Quelles sont les conséquences d’une condamnation à verser des subsides ?
On l’a dit cette action n’a qu’une vocation pécuniaire : l’homme peut donc être condamné à verser une pension pour l’entretien de l’enfant mais aucun lien de filiation n’est créé entre eux.
► Subsides dues à compter de l’assignation en justice - Les subsides seront considérées comme étant dues par l’homme à partir de la date de l’assignation, et non pas à partir de la naissance de l’enfant.
► Versement des subsides au-delà de la majorité de l’enfant - Les subsides peuvent être versés au delà de la majorité de l’enfant s’il est encore dans le besoin.

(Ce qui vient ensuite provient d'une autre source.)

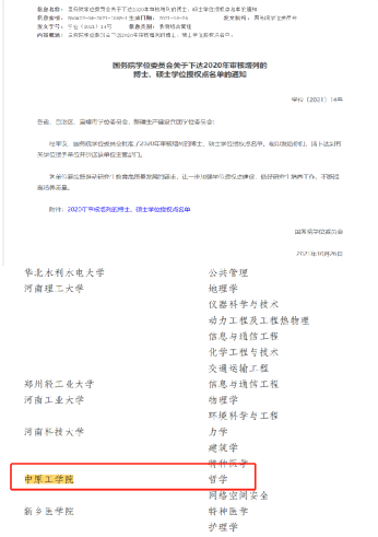 2021年10月26日,国务院学位委员会下发了《关于下达2020年审核增列的博士、硕士学位授权点名单的通知》,2020年审核增列的博士、硕士学位授权点名单,已经由国务院学位委员会审核批准。公司正式获准增列哲学一级学科硕士学位授权点,标志着公司团队建设取得了重大突破。至此,公司共有哲学、马克思主义理论2个一级学科硕士学位授权点,今后将着力推进两个学科交叉协同发展,努力打造特色学科品牌!
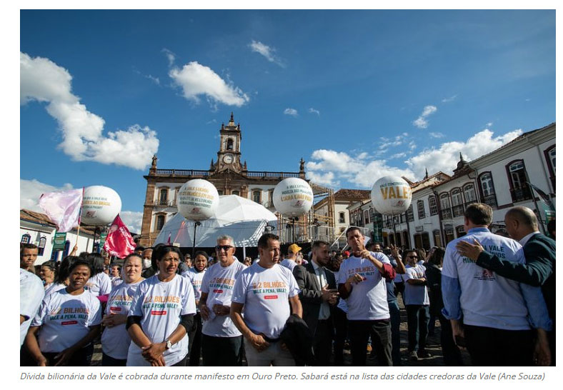 Foi lançado em Ouro Preto um manifesto organizado pela Associação dos Municípios Mineradores de Minas Gerais e do Brasil (AMIG), para cobrar uma dívida de mais de R$ 2 bilhões em royalties da Vale/SA, com 28 municípios mineradores de Minas Gerais, Pará, Amapá, Goiás, Mato Grosso do Sul e Sergipe. O evento reuniu, aproximadamente, 1000 pessoas na Praça Tiradentes, que endossaram a campanha que alerta sobre o impacto negativo causado aos cofres públicos em função do não recolhimento da Compensação Financeira pela Exploração Mineral. (Folha de Sabará)

► Obligation à subsides transmises à la succession en cas de décès - Si l’homme décède, sa succession sera tenue de verser les subsides.
► Empêchement à mariage ! Même si aucun lien de filiation n’est créé, il faut savoir que l’action à fins de subsides va avoir d’autres conséquences que le simple versement d’une pension : notamment, les subsides créent un empêchement à mariage. Autrement dit, l’homme qui verse les subsides et l’enfant auront l’interdiction de se marier ensemble, comme si le lien de filiation existait vraiment entre eux. Cela se justifie en raison de la filiation qui peut quand même potentiellement exister entre eux.
À noter
Paternité autre, établie entre temps ? Si un autre homme établit par la suite une reconnaissance de paternité à l’égard de l’enfant, alors ce dernier ne pourra plus recevoir de subsides de l’homme qui les versait précédemment.